Justice Souter's majority opinion rejected that argument. He said that
while the law should be applied with "judicial caution," it should also be
interpreted as its authors intended it. He said the First Congress, "which
reflected the understanding of the framing generation and included some of
the framers, assumed that federal courts could properly identify some
international norms as enforceable" under the law it wrote. "It would take
some explaining to say now that federal courts must avert their gaze
entirely from any international norm intended to protect individuals," he
added.
Justice Souter said that in the 18th century, there were three offenses
that were seen as violating the contemporary concept of international law:
violation of a promise to give "safe conduct,", piracy and "infringement of
the rights of ambassadors." Calling these offenses "paradigms," he said that
the Alien Tort Statute should be interpreted today as applying to their
modern equivalents: international norms with "definite content and
acceptance among civilized nations."
Human rights lawyers said Tuesday that while this analysis did not extend
to the brief detention of Dr. Álvarez-Machain, it would cover universally
recognized violations like torture, genocide, slavery and prolonged
arbitrary detention.
"These are core human rights claims," Paul L. Hoffman, who argued in the
court for Dr. Álvarez-Machain and who also represents the plaintiffs in the
Unocal lawsuit, said in an interview. "The court has accepted that
international law evolves and that this law has contemporary meaning."
Dissenting from this portion of the opinion, Justice Antonin Scalia said
the majority had adopted "a 20th-century invention of internationalist law
professors and human-rights advocates" and opened the door to an
"illegitimate lawmaking endeavor" by federal judges.
"American law - the law made by the people's democratically elected
representatives - does not recognize a category of activity that is so
universally disapproved by other nations that it is automatically unlawful
here, and automatically gives rise to a private action for money damages in
federal court," Justice Scalia said. Chief Justice William H. Rehnquist and
Justice Clarence Thomas signed his opinion.
Echoing that criticism, Robin Conrad, a lawyer with the United States
Chamber of Commerce, expressed the disappointment of international business
interests with the decision. In an interview, she said the ruling "leaves
far too much discretion to courts" and creates "an ever-expanding universe
of judge-made law." Ms. Conrad added: "We didn't succeed in cutting these
cases off at the pass. We're back to square one."

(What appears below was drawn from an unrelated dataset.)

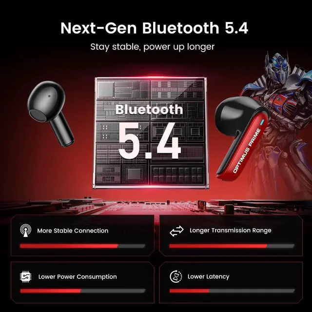 Official Transformers Collectible: Featuring Optimus Prime design, these are true Bluetooth Wireless Earbuds built for fans and collectors. Engineered with Bluetooth Earbuds Noise Cancelling technology, they let you immerse in lossless sound with deep bass, balanced mids, and clear highsperfect for gaming, music, and calls. The Wireless Earbuds Bluetooth 5.4 ensures instant pairing, ultralow latency, and rocksolid connectivity whether youre on iPhone, Android, or PC.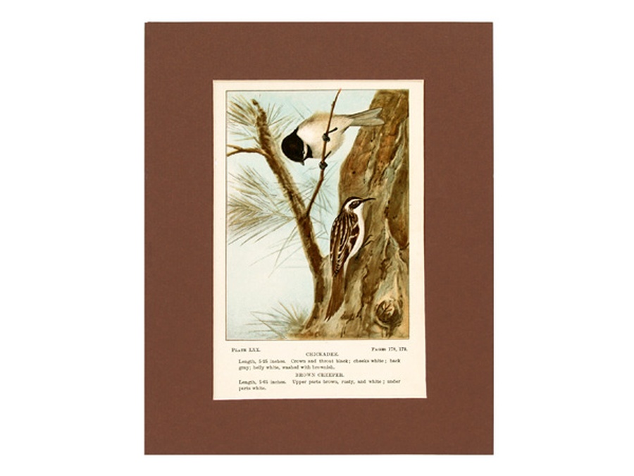 This vintage print is Plate LXX or 70 showing both a Chickadee and Brown Creeper in their natural habitat. The Black Capped Chickadee is a member of the Titmouse Family and a very tame and friendly bird. The Brown Creeper is like a Woodpecker climbing up and around trees looking for insect eggs. The print is professionally matted in an 8” x 10” brown colored matte to setoff the beauty of the birds. Our vintage prints are shipped in a plastic sleeve between cardboard stiffeners to arrive in perfect condition.

Justice Souter's densely worded, 45-page opinion contained numerous words
of caution for lower courts in handling future cases. He said courts should
be sensitive to the foreign policy implications of cases under the Alien
Tort Statute, citing in particular cases now pending against corporations
that cooperated with the apartheid regime in South Africa.
The South African government has opposed these lawsuits on the ground
that they interfere with its own post-apartheid approach to reconciliation
and reconstruction, and the State Department has endorsed South Africa's
view. "In such cases, there is a strong argument that federal courts should
give serious weight to the executive branch's view of the case's impact on
foreign policy," Justice Souter said.